Врубель широко улыбнулся и издал одобрительный носовой звук – он всегда обходился им, когда считал слова излишними.
– Браво, Мишель, браво! – грохотал Ясинский. – Воображаю себе физиономию Адриана Викторовича, когда он увидит, какое чудо живет под одной крышей с ним! И кому он сдуру додумался наставлять рога!
Ясинский говорил все громче и все быстрее. Его широкое, дерзко-красивое лицо раскраснелось от возбуждения. Он уже не задумывался о том, слушает ли его Врубель. А зря! Кто знает, как бы повернулись события и какая судьба ждала бы удивительную картину, обрати Ясинский внимание на перемену в настроении художника!

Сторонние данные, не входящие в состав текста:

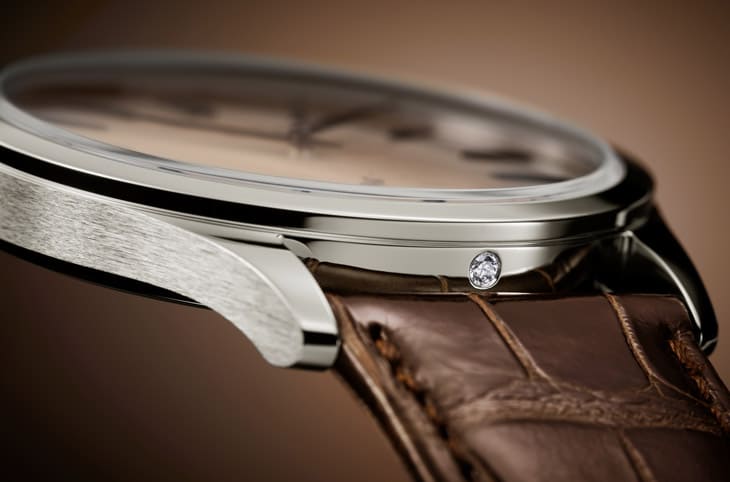 ▲38mm铂金表壳,比例精致优雅,其结合拋光与拉丝工艺,搭配代表性钻石装饰与透明底盖,展现经典与现代并存的细节美学。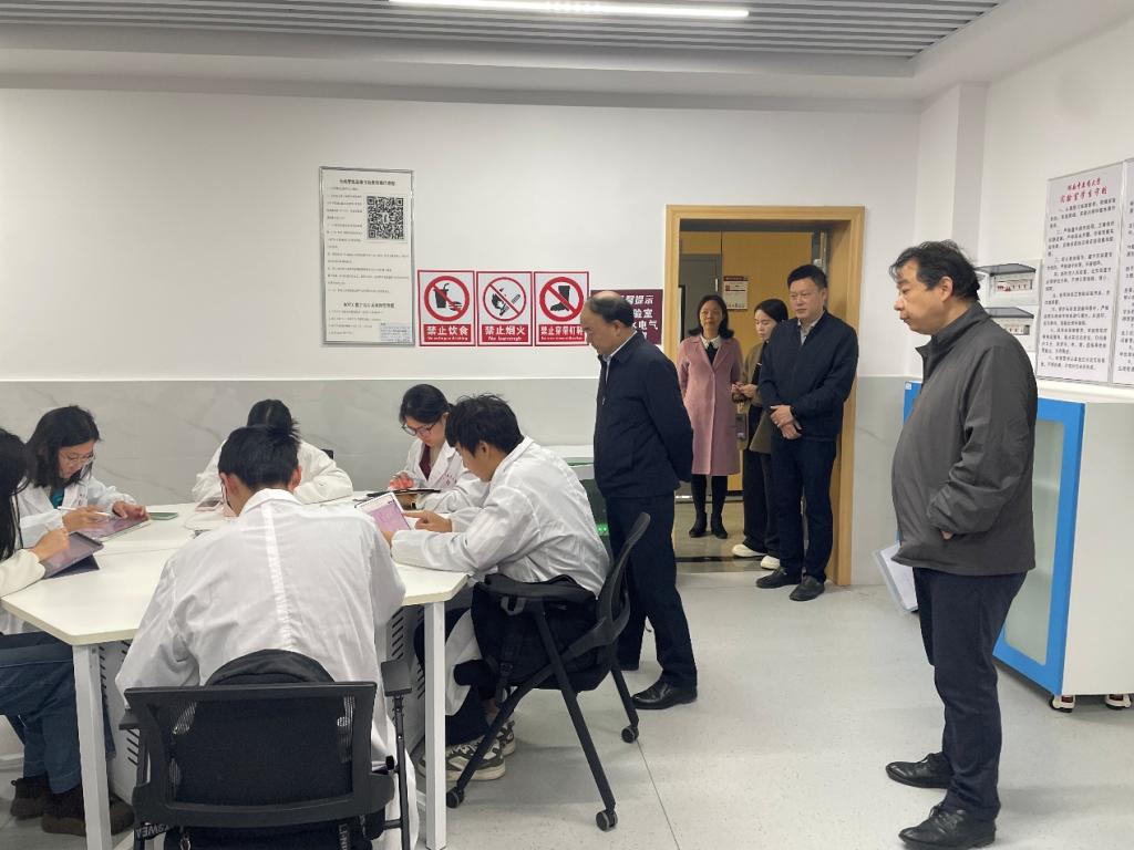 11月13日上午,我校副校长刘鸿翔、资产与实验室管理处处长张湘明、医学院院长成绍武等一行对医学院医学基础教学实验中心进行现场调研,重点查看了实验室仪器设备运行情况与公共设施环境。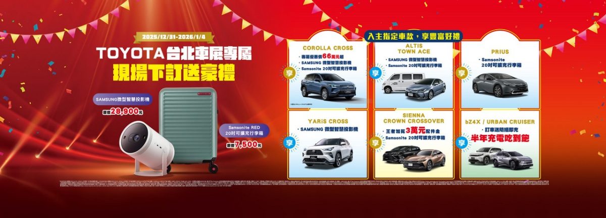 此外,TOYOTA亦推出台北車展專屬「現場下訂送豪禮」註1限定活動,入主指定車款贈送SAMSUNG 第2代The Freestyle 微型智慧投影機(原價28,900元) 或 Samsonite 20吋可擴充行李箱(原價 7,500 元),好禮數量有限,送完為止。同時,於車展現場下訂 SIENNA 與 CROWN CROSSOVER,可再享「王者加冕」3 萬元尊榮配件金;下訂純電車款 bZ4X 與 Urban Cruiser則享專屬「隨插即充」半年充電吃到飽方案,為電動車主帶來更無憂、更便利的用車體驗,陪伴顧客輕鬆邁向智慧電能新生活。TOYOTA感謝消費者一路以來的熱烈支持,讓每位入主 TOYOTA 的顧客不僅擁有卓越好車,更能享受超越期待的精采移動旅程。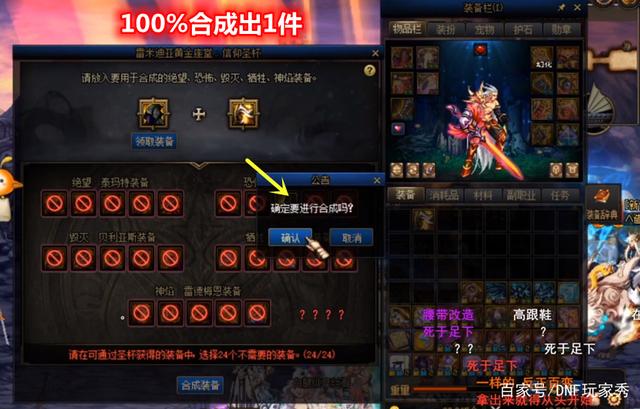 CEO开的奥兹玛罐子,有4件多余的没有用的奥兹玛装备,旭旭宝宝打开了奥兹玛装备合成系统,利用每次合成删除掉6件装备的规则,连续合成4次,成功Ban掉24件不要的装备,直接100%选择领取所需的阿斯特罗斯装备。
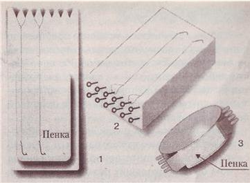 Рис. 8. Самодельные колодки для поводков: 1 — с пропилами под леску; 2-с держателями-булавками; 3 — «барабанная». Во втором варианте в качестве колодки используется брусок пенопласта (рис. 8, 2). С торца в него втыкаются почти по самую головку портновские булавки с шариком на конце. Петельку поводка цепляют за булавку, а крючок втыкают прямо в пенопласт. Такая колодка является двусторонней. Кстати, первый вариант также можно сделать двусторонним, сделав прорези с противоположных сторон и наклеив «пенку» на обратную сторону колодки. Оба варианта легки в изготовлении и достаточно удобны. Единственный минус этих колодок — невозможность хранения длинных поводков. Вы же не станете делать колодку длиной 40 сантиметров, а оборачивать поводок вокруг нее несколько раз нежелательно, так как на нем остаются перегибы от острых краев колодки. В продаже имеются так называемые «барабанные» колодки, которые имеют овальное сечение. Поводок просто накручивают несколько раз вокруг колодки (рис. 8, 3). Покупка фирменных пружинных колодок, у которых посадочное место для крепления либо крючка, либо петельки подпружинены и, следовательно, перемещаемы, на мой взгляд, нецелесообразна, так как те же функции легко выполняют более простые, любые из вышеописанных колодок. Очень полезно на колодку наклеить кусочек пластыря, на котором можно написать диаметр и марку лески и номер крючка. На любительскую рыбалку я вожу с собой три колодки (для лески диаметрами 0,08, 0,1 и 0,12 миллиметров). На каждой из колодок имеются поводки разной длины (от 10 до 25 сантиметров) и с разными крючками. Чтобы леска не деформировалась при закреплении на поводочнице, прорези в пластине необходимо отшлифовать. Транспортировать снаряженные колодки желательно в полиэтиленовом мешочке, последний легко помещается в коробку для оснасток, в которой можно сделать специальное отделение для колодок. Существует еще масса вариантов поводочниц, но говорить о них отдельно не имеет смысла. Просто, старайтесь хранить поводок в распрямленном виде и без контакта с жесткими материалами. СидениеВо-первых, как вы уже поняли, ловля в 90 % случаев производится сидя. Только при активной весенней ловле «в проводку» выгоднее ловить стоя. Или еще: на некоторых водоемах вы едва сможете просунуть удилище сквозь прибрежные заросли. Где уж тут устраивать себе удобное место для установки сидения. Но весенняя ловля — это практически всегда ловля удилищем с катушкой, а поскольку в книге мы в большинстве случаев рассматриваем «глухую» удочку, то и подробно разбирать случаи ловли стоя мы не будем. По опыту обучения начинающих рыболовов методам спортивной ловли, я знаю, как трудно такому человеку воспринять то, что сидя ловить удобнее. Поэтому перечислю минусы ловли стоя: • за любой вещью, необходимой постоянно (насадка, прикормка), вам приходится нагибаться, тем самым теряя контроль как над поплавком, так и над самим удилищем; Если я до сих пор не убедил вас, что ловить нужно сидя, то хотя бы попробуйте последовать моему совету и сравнить ловлю сидя и стоя. Существуют три основных вида сидений. Самый простой — стульчик, более громоздкий — ящик, и, наконец, пик комфорта — платформа. Стульчик. Это самый легкий и компактный вид сидения. Если вы ловите на отдаленных водоемах и не пользуетесь автотранспортом, проще говоря, если

Перемена произошла мгновенно, и не требовалось особой чуткости, чтобы заметить ее. Врубель, только что стоявший с искренней улыбкой и сияющими от радости глазами, вдруг помрачнел. Его светлые брови сошлись на переносице, а взгляд сделался холодным.
– Мишель, это необходимо выставить на публику! – Успокоившись, Ясинский заговорил деловым тоном. – Бьюсь об заклад, она прославит тебя!
Врубель молчал. Он выпрямился сильнее обычного, а руки скрестил на груди. Смотрел теперь не на собеседника, но на картину. Ясинский снова напомнил ему разбойника, и в этот раз совсем не благородного.
– Послушай, – продолжал Ясинский. – Если считаешь нужным, дорабатывай, хотя, на мой взгляд, тут уже все готово, дописывать – только портить. Через три недели выставка в салоне… (Он назвал фамилию, которую Врубель пропустил мимо ушей.) Представишь там свой шедевр, я все устрою! Народу там будет прорва, весь Киев и окрестности в придачу! Приди с ней одной – и вуаля, ты признанный гений!
– Нет, – только и произнес Врубель.
– Что «нет», Мишель? – не понял Ясинский. – Ты что, не веришь в самого себя? Полно, я знаю публику! Себе не веришь – поверь мне, эта вещь будет иметь успех!
– Нет, – повторил Врубель. – Я писал ее не для этого.
– Вот тебе, бабушка, и Юрьев день! – удивился Ясинский. – А для чего же?
– Не для потехи толпы, – сказал как отрубил, негромко и твердо, Врубель.
– Я не понимаю! Изволь объясниться, Мишель! Ты и так загадочен сверх всякой меры!
– Довольно об этом, Жером.
– Нет, погоди! Выслушай! В нашем писательском деле без любви публики никак не возможно. Не на том ли прославился Дюма-отец? Пока высоколобые критики разбирают по косточкам твое мастерство, состязаются друг с другом в усталости и разочаровании, силятся понять не то чтобы чужое произведение – самих себя, публика, которую ты только что изволил назвать толпой, делает свой выбор! Она берет мастера и возносит его на олимп, а критики тем временем… Да пускай утрутся! Не им оспаривать выбор, сделанный народом! Вот это, Мишель, и называется демократией!
– Позволь поправить тебя, Жером. Власть толпы называется охлократией. И выбор толпы – для охламонов, прости мой каламбур!
– Не соглашусь, Мишель, не соглашусь, – парировал Ясинский. – Вот Флобер, на мой взгляд, как литератор значительно сильнее, чем Золя. Но Золя умеет сыграть на настроениях публики, Флобер же не умел этого никогда! И поэтому по известности Золя превосходит Флобера, хотя в мастерстве Золя уступает!
– Сейчас меня не интересует известность.
– Тогда позволь спросить, за каким чертом тебе понадобилось все это?
– Я вижу, тебе не понять.
– Гордый ты!
– Ты небезразличный человек, Жером. Живее и внимательнее многих. Я доверил тебе то, что ты видишь, желая знать твое мнение. Я узнал его и весьма признателен. Но я не просил совета, как поступать мне дальше. И я не приму непрошеного!
– Ты, право, как ребенок, Мишель! Приходится объяснять тебе прописные истины. Еще и противишься очевидной пользе!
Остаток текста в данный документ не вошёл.